Sa tante, souriant en lui apprenant à faire pousser des fleurs.

"Le secret, c'est de leur parler. Les plantes sentent quand on les aime."

Sa tante, la serrant dans ses bras après un cauchemar.

"Tu es en sécurité ici. Toujours."

Sa tante, mourant dans ses bras.

« Ma tante avait du cœur ! » s'insurgea-t-elle en l'entendant critiquer ainsi cette femme qu'il ne connaissait pas, sa voix vibrante de rage contenue. « Si vous aviez pris le temps de la connaître avant de la condamner à mort vous le sauriez ! Si vous lui en auriez parlé, elle vous aurait écouté, elle aurait essayé de changer les choses, d'améliorer la vie de l'île ! Elle comprenait toujours. Ce n'est pas comme si vous me laissiez une chance également de transformer l'île puisque vous me menez à ma mort ! »

« Le seul moyen, c'est de nous libérer, » rétorqua Kyola, buté, refusant d'entendre raison.

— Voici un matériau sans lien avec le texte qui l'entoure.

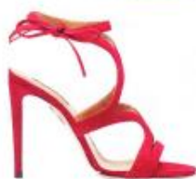
Замшевые босоножки, Aquazzura, 43 000 руб., Aquazzura

« Non, » dit fermement Sohalia. « Vous allez tous nous conduire à l'abattoir. Des innocents vont mourir... Nous avons besoin d'alliés puissants pour renverser le pouvoir en place et pour être de nouveau libres. Nous avons besoin de personnes de confiance. Nous avons besoin que les mentalités changent et pour cela, il faut être patient. »

« Il n'y a pas besoin d'alliés puissants quand vous avez le pouvoir de manipuler et de créer une armée gigantesque, » contra Kyola. « Il est temps de changer cette ère. »

Sohalia le regarda avec une frustration et une exaspération mêlées.

« Vous êtes vraiment trop con ! L'ère est déjà en train de changer. »

Elle voyait ce qu'il refusait de voir.

Le changement était déjà en marche.

Mais pas de la façon dont Jef le voulait.

Pas dans le sang et la violence.

Mais dans les alliances.

Dans les amitiés.

Dans les petits actes de rébellion quotidiens.

Kyola allait répliquer quand une voix résonna derrière eux :

« Comme c'est touchant. »

Sohalia se figea.

Cette voix.

Elle connaissait cette voix.

Froide.

Calculatrice.

Cruelle.

Elle se retourna lentement.

Et le vit.

Jef Mentaru se tenait au centre des ruines, un sourire satisfait sur les lèvres.

« Bienvenue, Sohalia, » dit-il en écartant les bras. « J'espère que le voyage n'a pas été trop pénible. »


Moby Dick.

Le navire fendait les flots à toute vitesse, ses voiles gonflées par le vent.

Marco se tenait à la proue, la carte fermement serrée dans ses mains. Le vent faisait voler ses cheveux blonds. Ses yeux bleus étaient fixés sur l'horizon invisible, perçants comme ceux d'un rapace.

Quelque part là-bas, Sohalia l'attendait. Même si elle ne le savait pas encore. Même si elle ne voulait pas qu'il vienne.

« On arrive, Lia, » murmura-t-il au vent qui emportait ses mots vers la mer. « Tiens bon. On arrive. »

Derrière lui, l'équipage s'activait.

Barbe Blanche avait donné ses ordres. Tous les commandants étaient présents. Toutes les divisions prêtes au combat.

Ils allaient récupérer leur sœur. Peu importe ce qui se dresserait sur leur chemin.